Chesterfield optometrist Alex Howard discusses how, out of a crisis, opportunities shook up the status quo.
I work for primary eye care services and Specsavers Chesterfield. We are based in a medium size market town just outside of Sheffield with a good mix of NHS and private work.
The effect of COVID-19 was quite quick. We were open as normal and then routine work was stopped. I am used to working in a really busy high street practice with 10 test rooms and 80 staff. During lockdown, we were running on a skeleton staff of one or two optometrists each day and support staff. We had a locked door policy and wore full personal protective equipment when we were refracting patients. Everything was done by appointment.
We have a phoropter but we have a long lead so we were carrying out the refraction from more than three metres. It is a really different way of working. Optometry can become routine but the current situation has blown that out of the water.
When the status quo is working quite well, it is hard to enact change. Now that has been shattered and there is a big opportunity for us to put new services in place that would have taken a long time before.
We have CUES in place which I feel is vital to take pressure off GPs, the hospital eye service and to make sure that patients have somewhere to be seen that is out of a high risk environment.
During lockdown, we saw a lot of ischaemic issues that we would not usually see in normal times, like anterior ischaemic optic neuropathies, central retinal artery occlusion, random unexplained visual field defects and cotton wool spots in younger patients. I feel like it is hard to know for sure whether that is because everything has been concentrated down from 10 clinics into a single clinic or whether there was an increase in unusual pathology.
I guess we will find out for sure if there is a link between ischaemic eye problems and COVID-19 with time and a bit more research. A lot of the patients who present with these unusual problems do report having had COVID-19 symptoms.
Part of my work is from home for primary eyecare services. It has been my role to design and coordinate our local variation on CUES in Derbyshire. I have been working with the CCGs and the local hospital eye service to make something that works for patients. I love the CUES model. What it does is that it allows us as optometrists to showcase the work that we can do to provide community eye care and give genuine tangible benefits to local communities. I think the PECS model for CUES is really important because the central tenant is to empower as many optometrists and practices as possible to participate in services; whether you are a multiple practice with 10 testing rooms or a sole practitioner at a small independent.
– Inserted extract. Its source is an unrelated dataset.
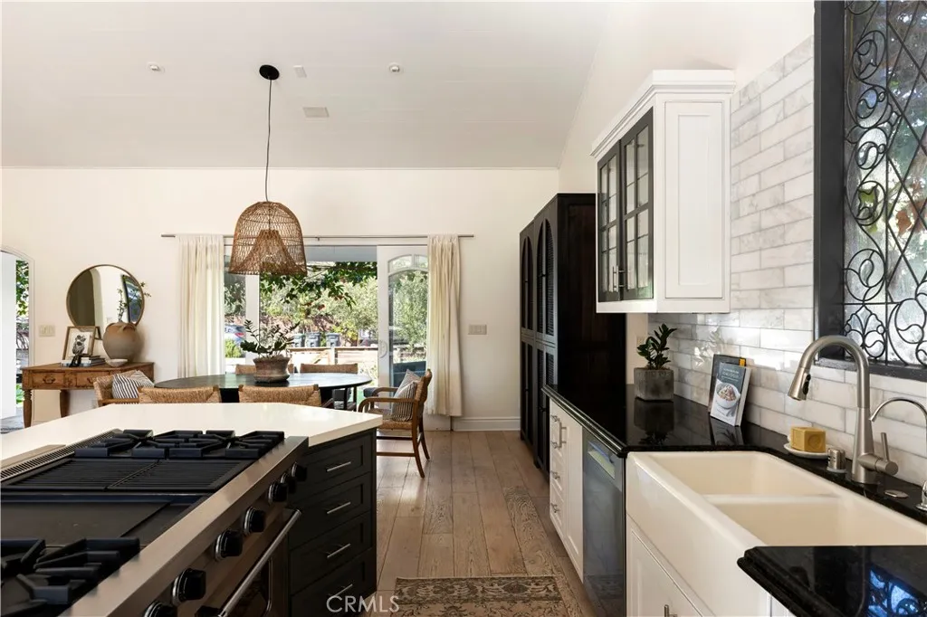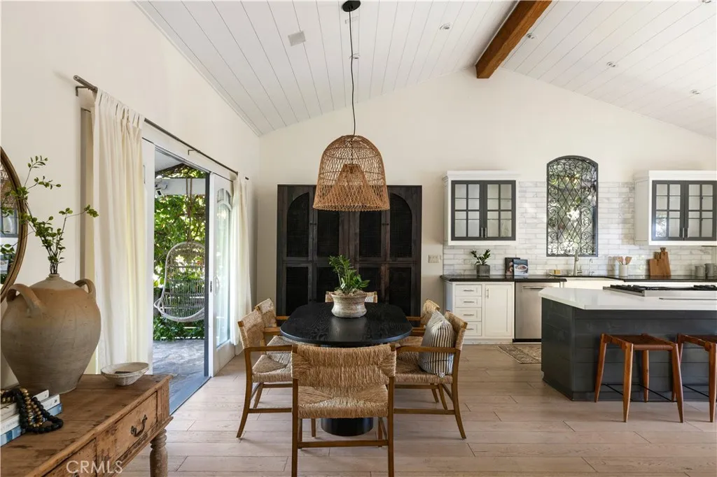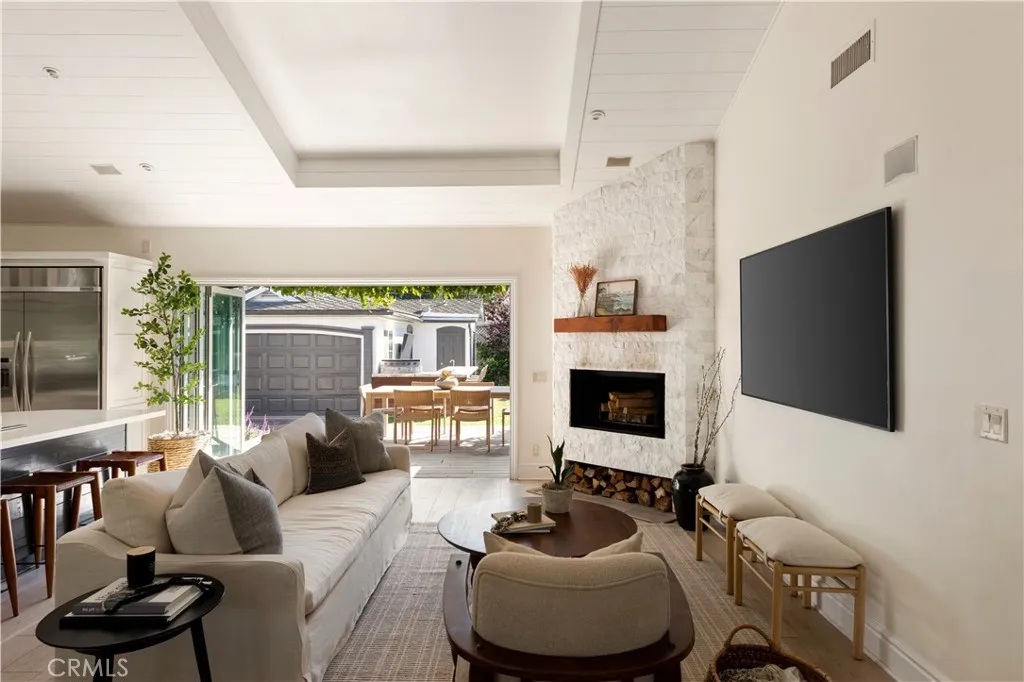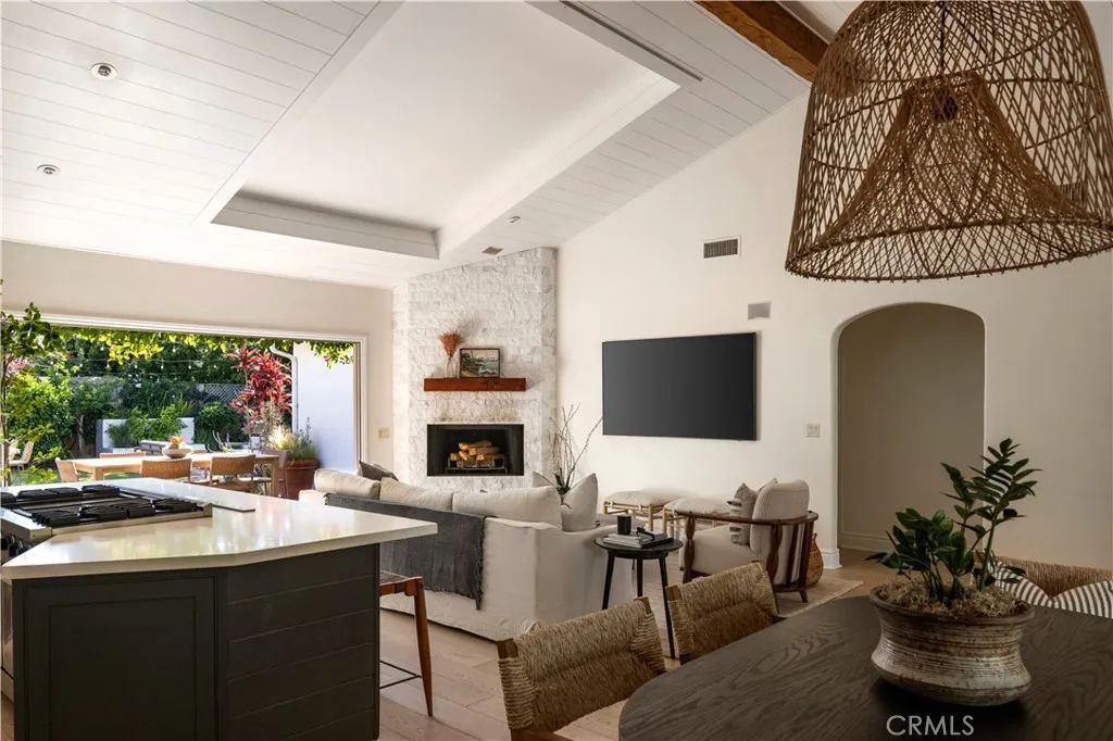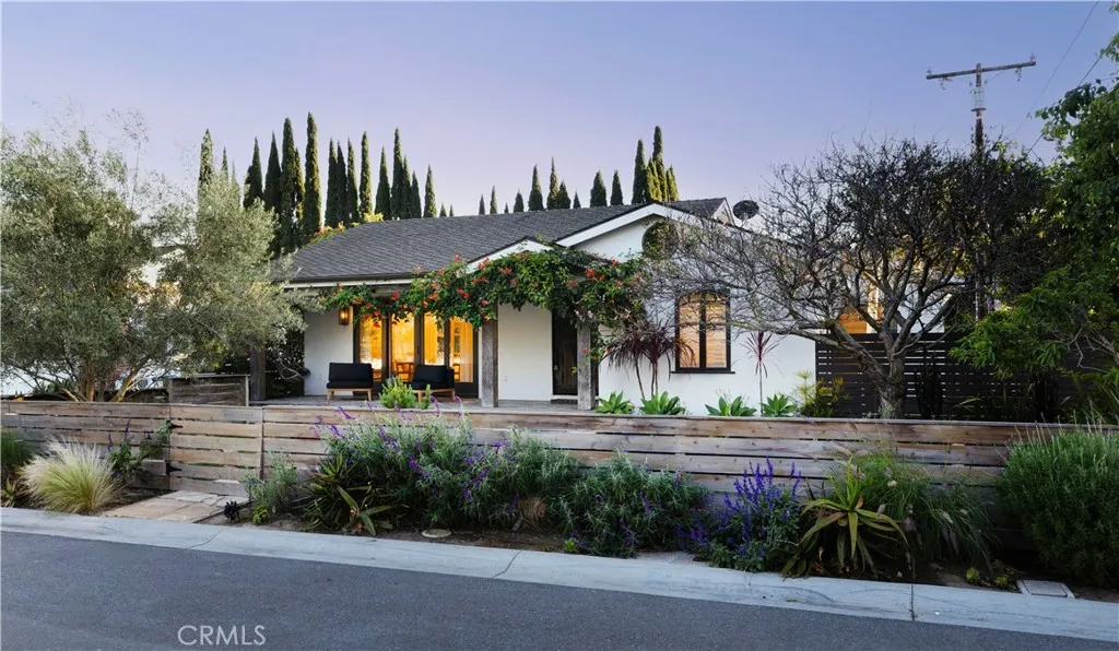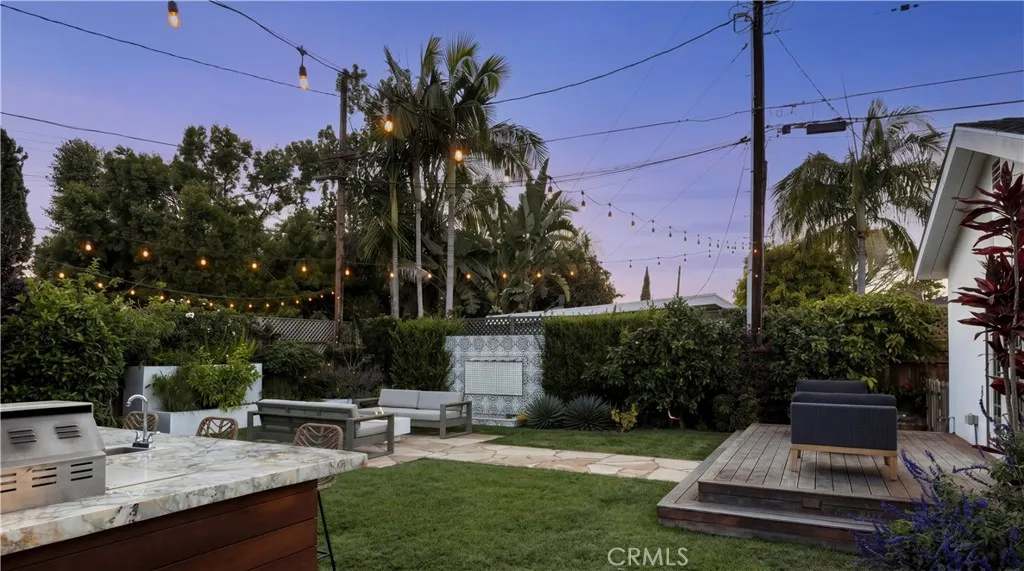 Tucked at the end of a quiet cul-de-sac and draped in blooming trumpet vines, this thoughtfully updated Eastside Costa Mesa residence blends timeless design with effortless indoor-outdoor living on a generously sized lot. Over the years, the property has been expanded to offer three bedrooms and two-and-a-half bathrooms within a light-filled, open-concept floor plan. Vaulted shiplap ceilings soar overhead, grounded by light hardwood floors and arched details. The kitchen is the undisputed heart of the home: custom two-tone cabinetry with glass fronts, marble subway tile, a six-burner range with double oven, farmhouse sink, and a generous breakfast bar that flows into the living and dining areas. A fireplace anchors the living room, while a nearly 12 La Cantina door dissolves the boundary between indoors and out. The primary suite addition offers a peaceful retreat with a private deck and direct backyard access, while the secondary bedrooms and updated bathroom provide flexible space for guests, home office, or play room. The home is further enhanced by central air conditioning, a whole-house Aquasana water filtration system, and an under-sink reverse osmosis system. Designed for year-round enjoyment, the front and backyards unfold as a series of intimate yet connected outdoor spaces, with eight mature citrus and fruit trees woven throughout. An entertainers bar, complete with barbecue, sink, and refrigerator, opens to a sweeping backyard garden setting where string lights, a fire pit lounge, and tiled fountain create a relaxed, inviting atmosphere. A conveniently located ha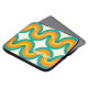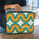 Beautiful contemporary dark yellow, orange, teal blue, ocean green coloured geometric half circles wave pattern on an ivory cream off-white background. With room to customise or personalise with a name monogram or initials of your choice. Ornate, elegant, stylish, and eclectic design for the fancy artistic fashionista, the artsy fashion diva, popular hip trendsetter, vintage retro art style, and abstract digital geometric motif lover.

This crisis has brought all of the practices together in Derbyshire in a way that I have never seen before. I don’t think we will go back to feeling divided like we were before. As much as it has been a time of hardship, there have been some positives to come out of this. I think CUES is one of them.
I think CUES is vital in the short term to meet the immediate needs of the community but also really important in the recovery phase. As we know, hospital eye services were already at capacity before this all happened and now we have a backlog of patients. The hospitals are also going to have a reduced capacity moving forward because of social distancing. I think that CUES and community optometry practices are going to have a huge role to play in meeting that demand.
It is really early days in terms of statistics from the CUES service in Derbyshire, but we are definitely seeing an increase in the amount of patients who need a referral. That comes with the territory of being an urgent eyecare service. We are seeing an increase in the number of patients who are needing referral but we are still discharging around 80% of patients on their first visit or following them up in the community.
During lockdown we saw patients who were quite reticent even to come into a community optometry practice. If they were told ‘You need to go to A & E’, they would not present. The consequences of that could be quite serious. We saw one woman who didn’t want to come in but had a macular on retinal detachment that needed urgent treatment. She was able to be treated. The outcome could have been a lot worse if she hadn’t been seen.
In the long-term, I think the profession needs to focus on upskilling. Optometrists are ready for that. I think it’s unlikely that in the near future we will be working by volume and seeing lots of patients for routine refractions. We need to find different ways to keep our businesses alive and to keep our profession useful to the community.
We have been trying to make improvements for so long but during normal times it has been hard to break the cycle. When the status quo is working quite well, it is hard to enact change. Now that has been shattered and there is a big opportunity for us to put new services in place that would have taken a long time before.